Amo la buena vida, el rico vino, la comida sabrosa, un buen automóvil y por supuesto el Golf… No llevo ningún cartel político ni religioso, ni bandera social que me identifique. Intento mantener un perfil bajo, pasar inadvertido en mis actividades, porque cada vez más, siento que cualquier actitud (normal para muchos de nosotros) puede llegar a ofender a otras personas que están detrás de las muchas puertas que cruzamos a diario. Y eso se interpreta y se siente como violencia.

Caridad, humanidad, sensibilidad, comprensión. Una receta que se me ocurre como lógica y tal vez única, para seguir caminando nuestros destinos mientras que podamos hacerlo.

Pido disculpas, porque hoy no escribí nada referido a historias o tips de Golf, tampoco sugerí dejar de practicarlo; quizá lo mejor que se me ocurre para quienes sientan cosas similares, es activar un acto de comprensión; como si bajásemos el oscuro cristal del auto o abriéramos alguna de esas mil puertas imaginarias para intentar darles una mano y ofrecer una ayuda mínima, a quienes circunstancialmente conozcamos:

  • Posiblemente ya no necesitemos de la asistencia ni de la compañía de un caddie, pues bien, tomémoslo de todas formas; porque a través de él también estaremos ayudando a su familia.
  • Necesitemos o no recuperar algunas bolas, también podría transformarse en una ayuda que no se parezca a una limosna. Podríamos comprárselas al muchacho que las ofrece detrás del alambrado, sin fijarnos ni analizar tanto el estado de deterioro de las mismas…
  • Carguemos en nuestra bolsa, alguna golosina, una fruta o alimento imperecedero (no necesariamente grande) e inclusive, alguna ropa que no usemos; siempre se presentará el momento para ofrecerlo y jamás nos imaginaremos la tremenda ayuda que ello significará. En su momento le llevé lápices, cuadernos, algún libro y hasta cepillos y pasta dental para los hijos de un caddie. Nos emocionamos juntos…
  • Hablemos.
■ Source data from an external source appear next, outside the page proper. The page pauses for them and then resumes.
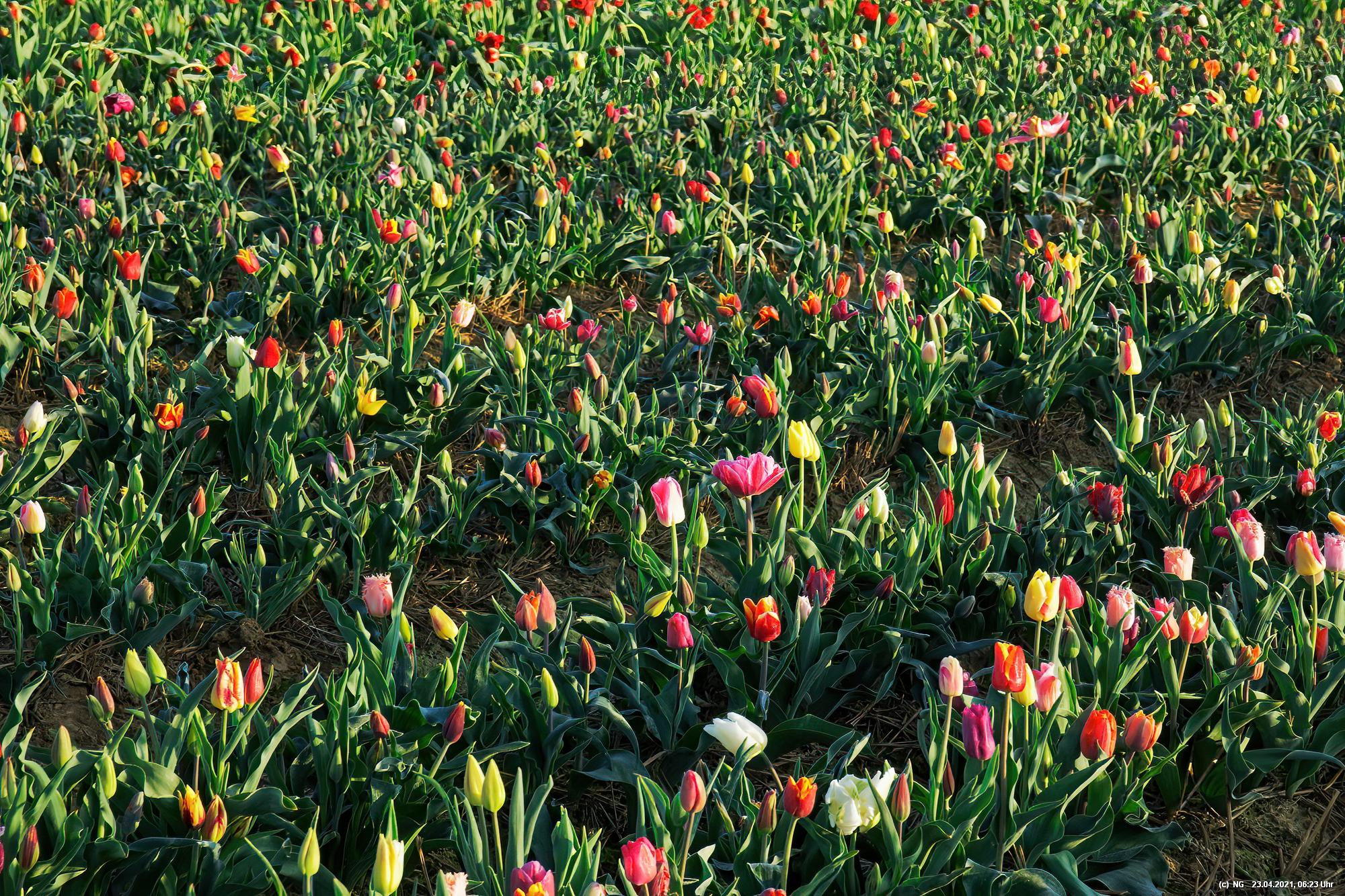 Es gibt sie auch hier bei uns, die Felder mit unzähligen Tulpen.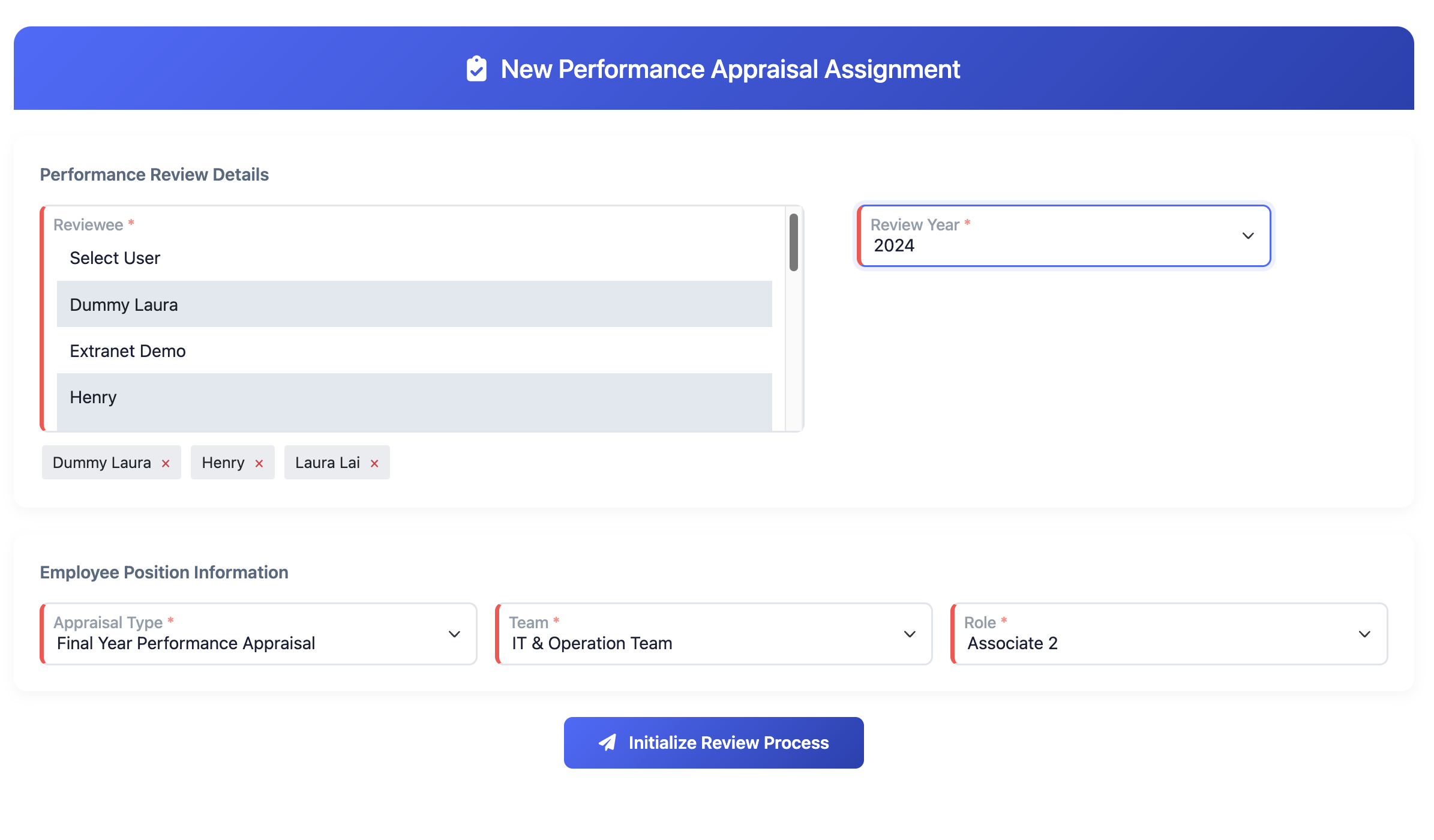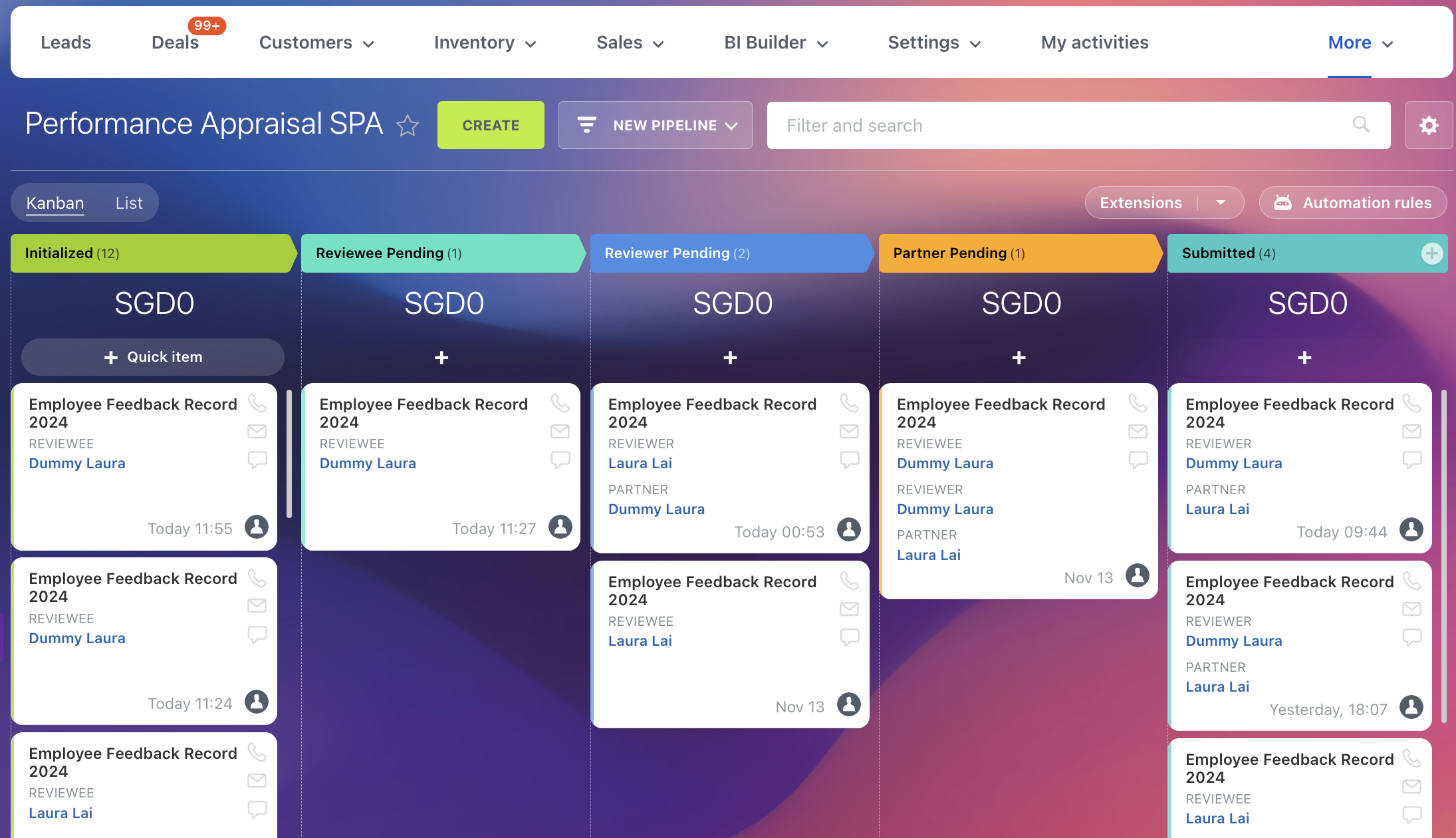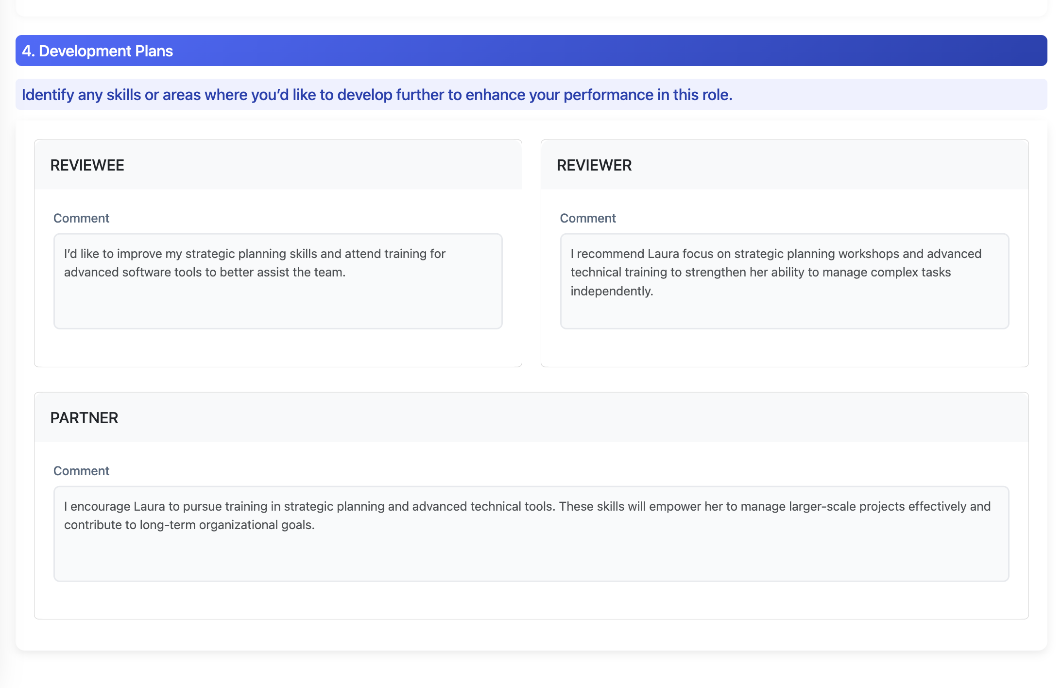 - PDF performance report is generated, shared with all parties and kept in system forever.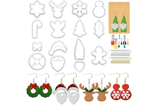 Christmas Polymer Clay Cutters for Earring Making 12 Shapes Clay Cutters Tools for Polymer Clay Jewelry Plastic Clay Earring Cutters with Earring Cards for Christmas Party Polymer Clay Jewelry Making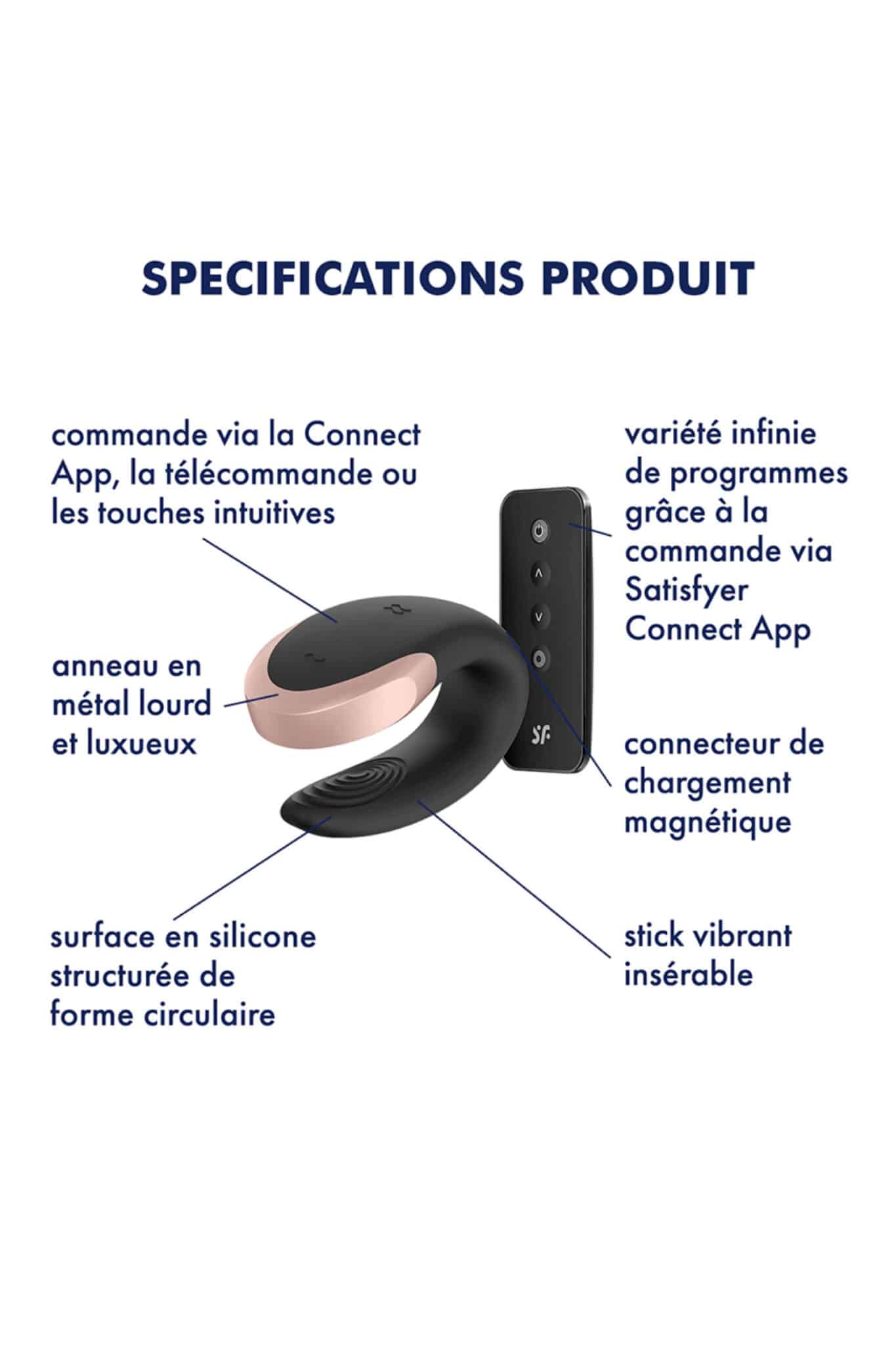 Deux moteurs puissants + 10 modes de vibration et personnalisation via application mobile (“Satisfyer Connect”).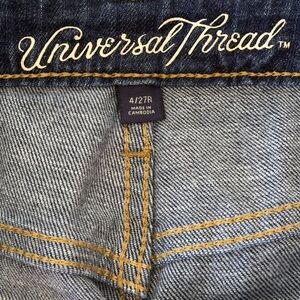 These blue jean shorts from Universal Thread feature a raw, unfinished hem for a casual, laid-back style. Made from classic denim fabric, they offer a medium to dark blue wash with a slightly faded look. Perfect for warm weather, these shorts provide a comfortable fit and a timeless appeal.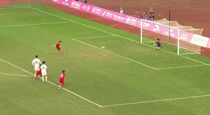 在更早结束的广东vs上海的比赛中,两队互有攻守,但都迟迟未能破门。下半场临近补时阶段,上海U20送点,效力于重庆铜梁龙的广东队球员张志雄主罚命中。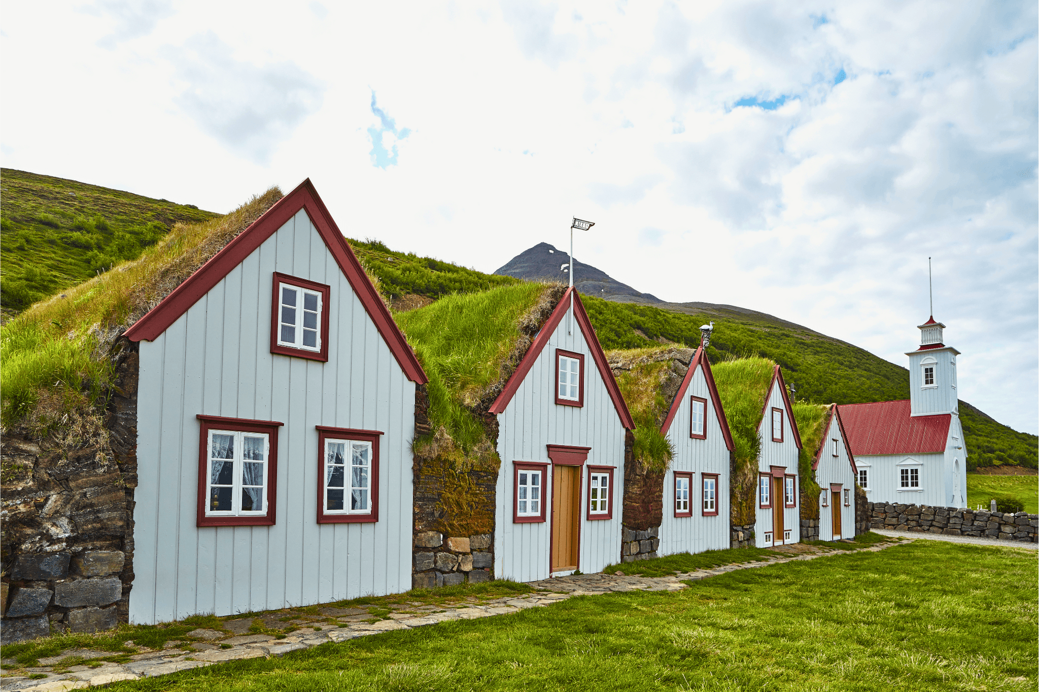 Laufás in Eyjafjörður is located by the estuary of the river Fnjóská. The old farm is a good example of a wealthy vicarage in earlier times. The house that is a turf-clad timber building, has a history that goes right back to the Middle-Ages. It has been rebuilt regularly through the centuries whenever needed. The house that stands now was built between 1860 - 1877. It was then rebuilt in the form we see today. The house is mostly timber frame structure, but part of the tunnels are built with stave construction and the oldest part of the house - The Bridal Room is a combination of both methods.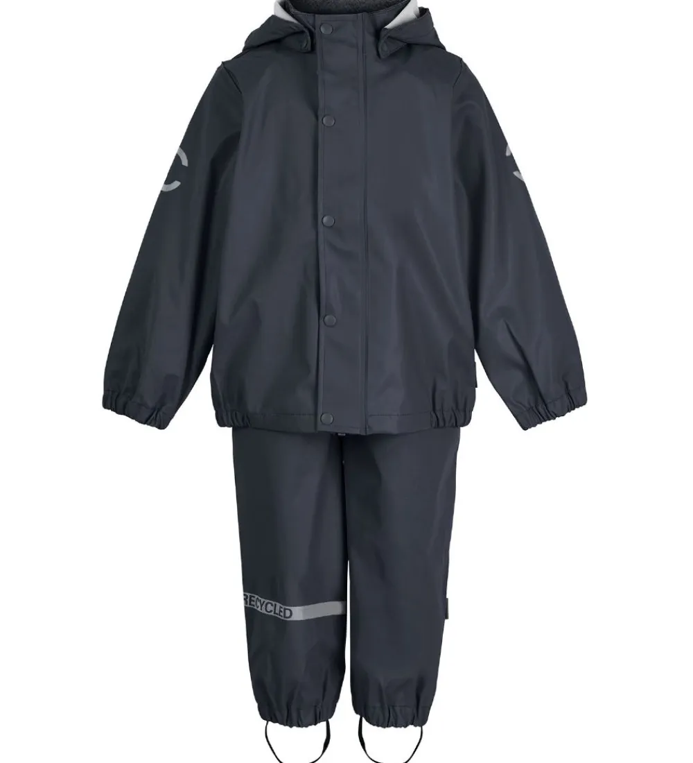 Flot Mikk-Line regntøj bestående af en regnjakke og et par regnbukser i ensfarvet, navy PU.
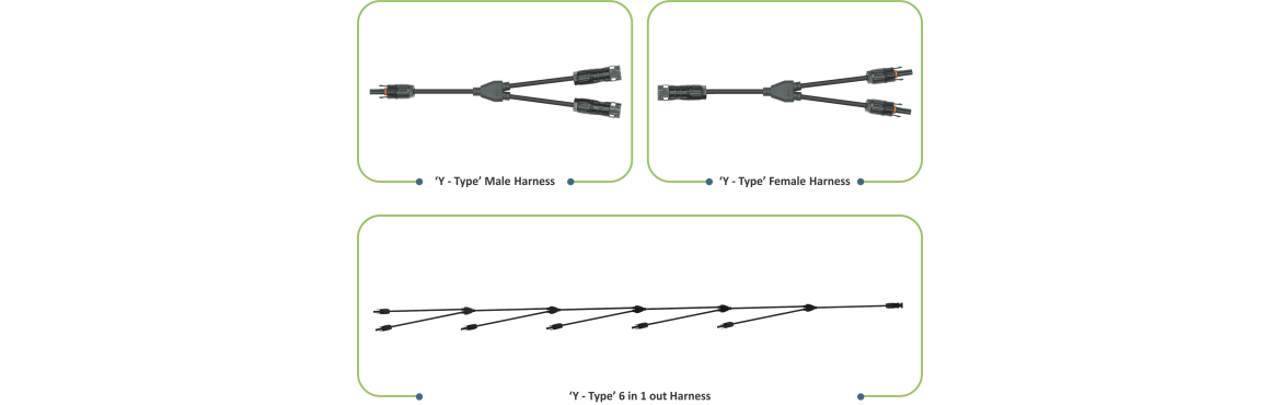 elmex PV Solar Over Moulded Wire Harnesses solutions are suitable for photovoltaic applications, having multiple input & output with plug & socket design suitable for 2.5, 4.0, 6.0 mm² size cables. They are constructed using fame retardant engineering thermoplastic elastomer suitable for exposure to UV rays and for application in PV power generation system. The over-molded wire harnesses are customized solutions and can be configured using straight connectors or inline fuse connectors with different cable sizes of 2.5, 4.0 & 6.0 mm².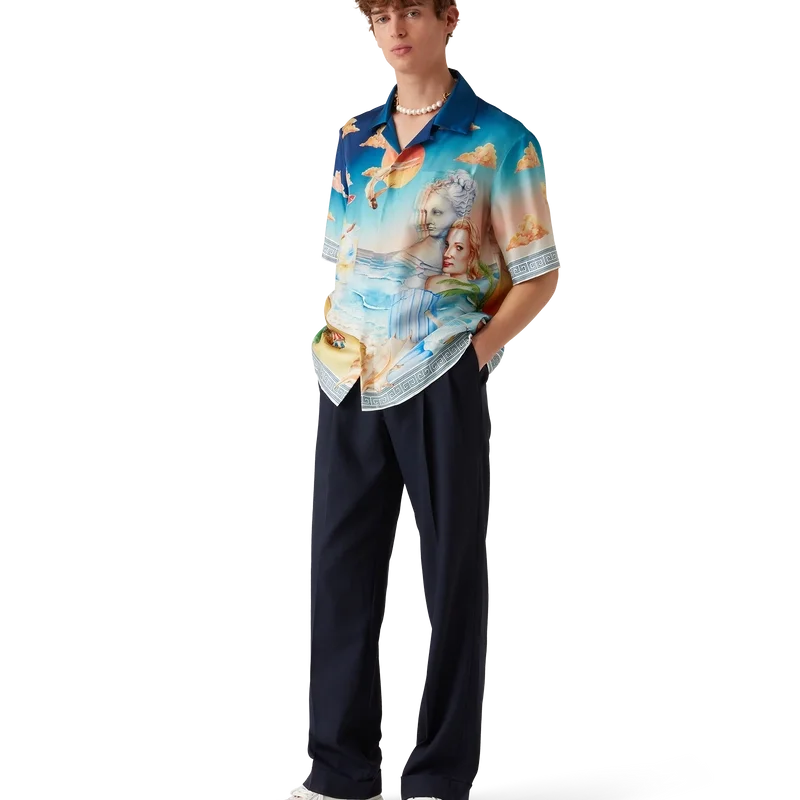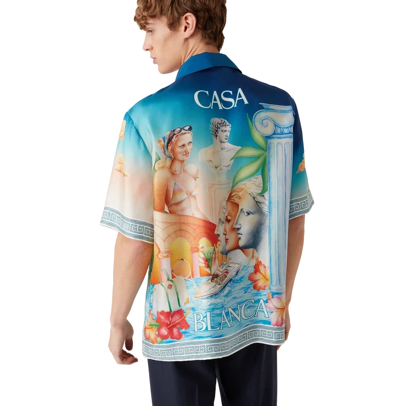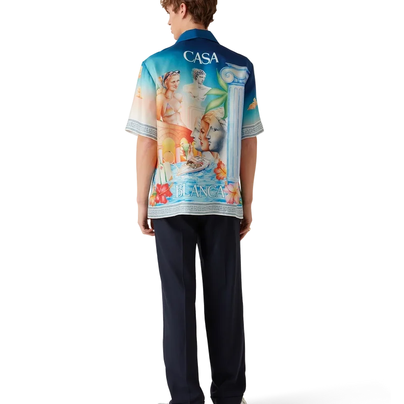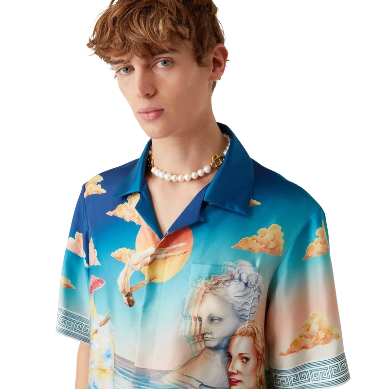 La camisa de seda Le Plongeon es un diseño estampado integral de manga corta confeccionado en sarga de seda con el estampado de temporada de la casa, inspirado en el estudio continuo de la belleza clásica y el encanto contemporáneo de la Antigua Grecia, e incorporando los elementos de diseño de la casa. Se completa con botones de corozo con el logotipo entrelazado Cc característico, cierre de botones, cuello cubano y bolsillo en el pecho.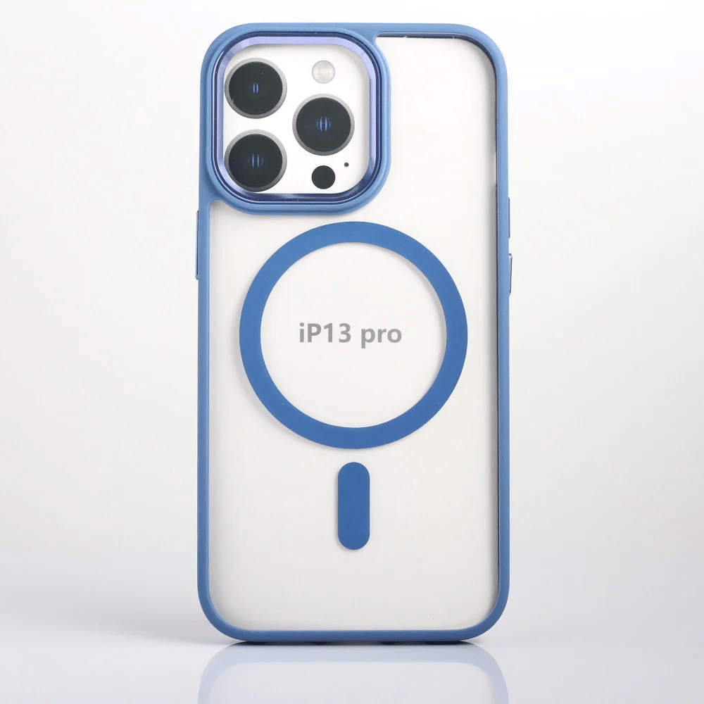 كفر ايفون 13 برو | بتقنية الماج سيف شفاف باطراف ازرق

Preguntémosle a la gente que se nos acerca qué cosa necesita… en silencio, sin que los demás escuchen; comprometámosle una ayuda para la próxima vez que los veamos. No se olvidarán de la cita ni del eterno agradecimiento.

Seamos reservados y cuidadosos con nuestra ayuda, sobre todo, en la forma en que la demos. La gente no espera una limosna ni un acto público estridente. Primero espera nuestra comprensión, sensibilidad, quizá hasta un abrazo y después la ayuda.

La vida va y viene. Hoy nos toca estar de ‘este lado’ y podemos ayudar. Mañana… podríamos estar detrás de cualquier puerta.